– А? Сардин?
– Это если я проголодаюсь. – Гаваллан был рад поговорить, это отвлекало его мысли от нависшей катастрофы. – У нас с Лиз есть общий друг, с которым мы познакомились много лет назад в Гонконге, парень по имени Марлоу, писатель. Он всегда возил с собой банку консервов, неприкосновенный запас на случай голода, а мы с Лиз вечно смеялись над его привычкой. Это стало своего рода символом, который напоминает нам, как нам на самом деле повезло.
– Питер Марлоу? Этот тот, который написал «Чанги», про японский лагерь для военнопленных в Сингапуре?
– Да. Ты его знаешь?
– Нет. Но эту книжку я читал, другие – нет, а эту читал. – Скраггер вдруг вспомнил про то, как сам воевал с японцами, а потом про Касиги и «Иран-Тода». Вчера вечером он обзвонил другие отели, отыскивая Касиги, и в конце концов выяснил, что тот поселился в «Интернешнл», и оставил ему записку, но Касиги ему пока не перезвонил.

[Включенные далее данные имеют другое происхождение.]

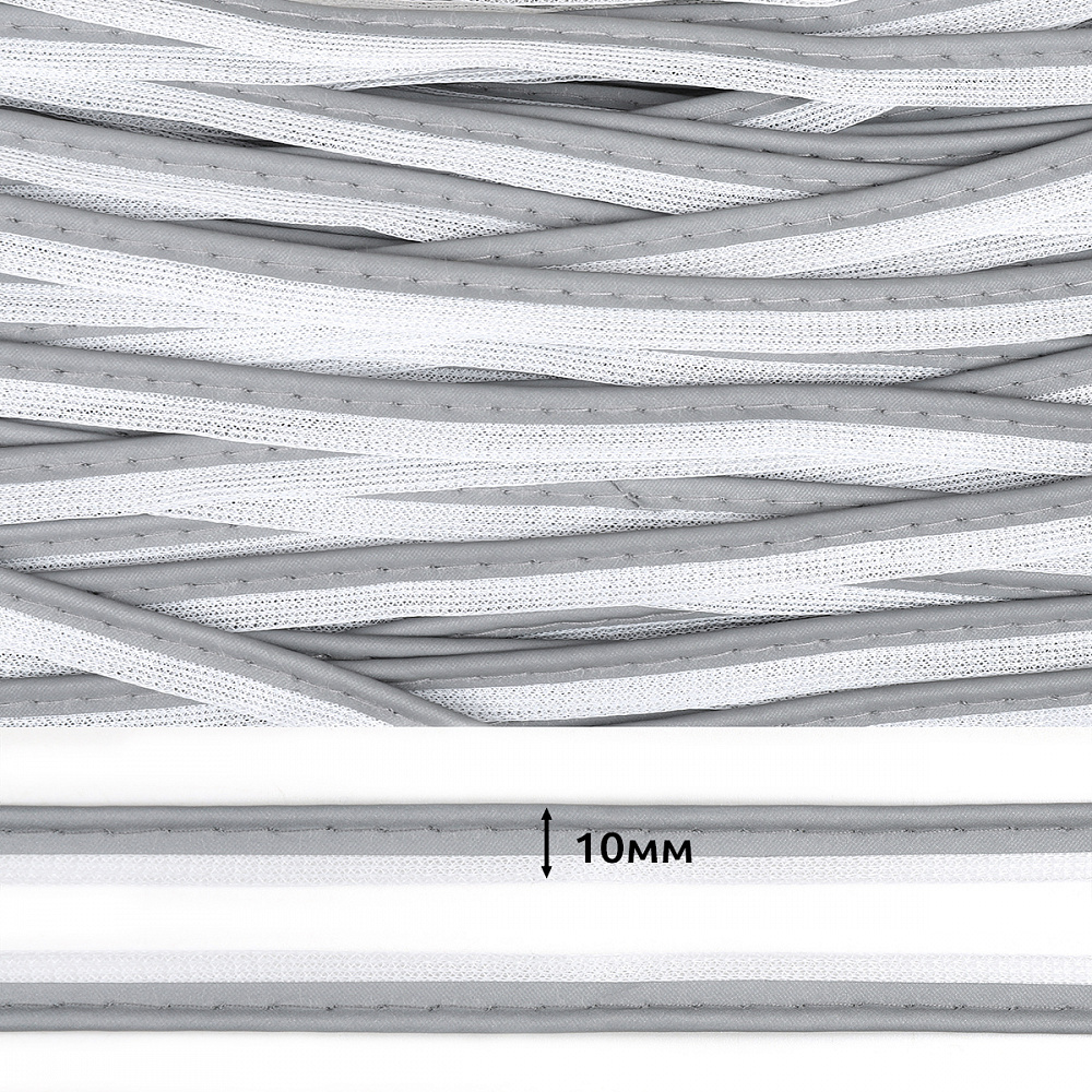 Кант светоотражающий 10 мм / 100 метров, отр.R30 арт.6115 100% пэ цв.серый

Наверное, сердится, что я его подвел, сказал он себе, потому что мы не смогли помочь ему с заводом. Черт меня побери! Кажется, что два года прошло после Бендер-Делама и «Иран-Тода», хотя прошла всего пара дней. Все равно, если бы не он, я до сих пор лежал бы прикованный наручниками к этой долбаной койке.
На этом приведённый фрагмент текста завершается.